Michaelmas
- First edition
- Author: Algis Budrys
- Cover artist: Don Brautigam
- Language: English
- Genre: Science fiction novel
- Publisher: Berkley Putnam
- Publication date: 1976 (serialized); 1977 (novel)
- Publication place: United States
- Media type: Print (hardback & paperback)
- Pages: 212
- ISBN: 0-445-20316-1

= Michaelmas (novel) =

1977 novel by Algis Budrys

Michaelmas (1977) is a science fiction novel by American writer Algis Budrys, first published as a serial in The Magazine of Fantasy & Science Fiction in August and September 1976, and published in revised form as a novel in 1977. Michaelmas is largely about a renowned newsman who in fact controls, rather than simply reports events thanks to his AI creation "Domino". The protagonist and narrative are loosely based on the world-protector Archangel Michael, while the book contains convincing near-future technology.

==Publication==
Michaelmas first appeared in the form of a two-part serial in Fantasy & Science Fiction in August and September 1976. It was published as a novel (in revised form) from Berkley Putnam in 1977, with a simultaneous British edition from Gollancz. A book club edition appeared in 1978, along with the mass-market paperback edition from Berkley. A Questar (Popular Library) paperback reprint appeared in 1986.

==Story==
The novel is set in the near future (at least at the time of writing, now actually in past time).

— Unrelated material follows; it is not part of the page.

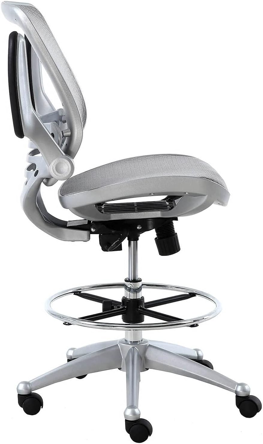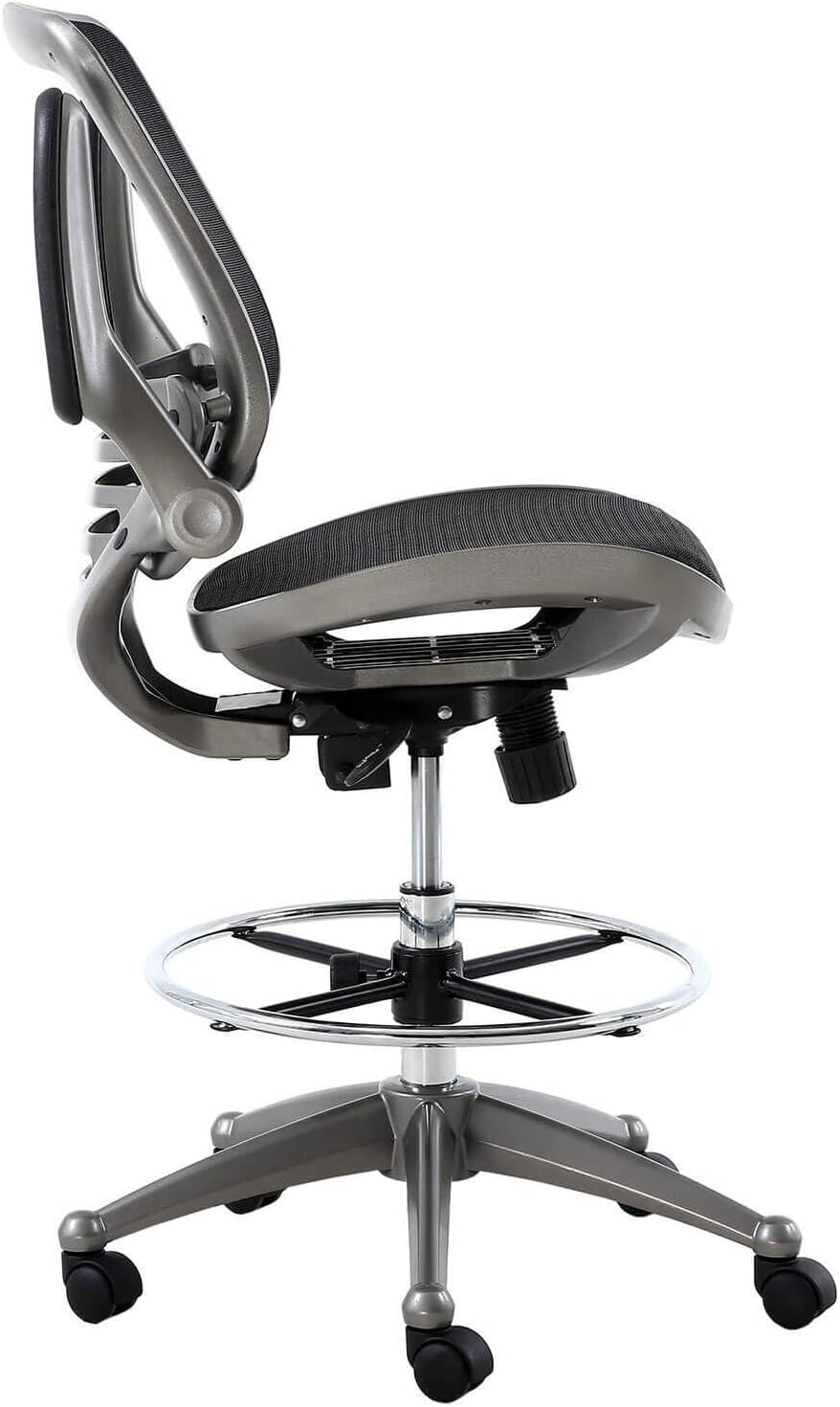 Additional features include: gunmetal finish frame. Pneumatic seat Height adjustment. 2-To-1 synchro tilt with tilt tension adjustment. Infinite tilt lock allows you to lock the chair in any tilted position. Waterfall seat edge for leg comfort (reduces the pressure on the back of the legs). chrome Pneumatic cylinder. 20-Inch height adjustable chrome foot ring. Heavy duty gunmetal finish base with dual wheel hooded casters. 360-Degree swivel. Chair Dimensions: Seat size: 19 inches wide x 19. 5 inches in depth. Back size: 17. 5 inches wide x 21 inches high. Seat Height: 24 inches to 31 inches high (measured from the floor to the top of the seat). carton Dimensions: 26 inches x 14 inches x 26 inches. Carton weight: 51 pounds.

The eponymous protagonist, Laurent Michaelmas, is depicted as a renowned newsman, controlling world events as much as he reports them. His means of influence is an immensely powerful self-aware artificial intelligence called Domino, which originated as a modest telephony appliance in Michaelmas' youth. Domino has evolved into a digital omnipresence that can penetrate and control any electronic or computerized equipment, most notably communication networks of all kinds. Domino was created by Michaelmas, and only he knows its existence.

Domino is also the confidante and intellectual sparring partner of Michelmas, compensating in part for the loss that Michaelmas suffered when his wife was killed in an accident many years ago.

By the time of the novel, Laurent Michaelmas has successfully used his power to create and sustain world peace. One of his achievements is the success of UNAC (the fictitious United Nations Astronautics Commission). Organizing space travel as a joint international project, UNAC is important to Michaelmas as a symbol of a more united world. When an astronaut believed to have been killed in a failed mission turns up miraculously saved, a threatening scenario starts to unfold. As the novel progresses, Michaelmas slowly learns that a possible extraterrestrial presence may be interfering with the new world he has worked so hard to create.

==Themes==
The novel is not only a fast-paced political/sci-fi thriller, but is also remarkable for its prescience, because it appeared less than a decade into the Internet era, long before its current prominence and ubiquity. The technical descriptions of near future technologies are very convincing and apparently well researched. Its description of journalism and its professional culture are likewise highly developed, mainly due to the late Budrys' residence near Northwestern University's Medill School of Journalism, which appears several times in the book.

Throughout the book, many references are made to classical works of art, theater, poetry and philosophy.

The main character, Laurent Michaelmas, bears the name of the festival honoring the Archangel Michael, a figure in Judaism that protects God's people, and in Christianity that defeats Satan in the Book of Revelation. In the novel, Michaelmas helps to protect society from itself by influencing the balances of power in the world to avoid war and maintain relative peace.

==Related works==
The novel incorporates features of a substantially shorter and significantly different version published in The Magazine of Fantasy & Science Fiction in 1976.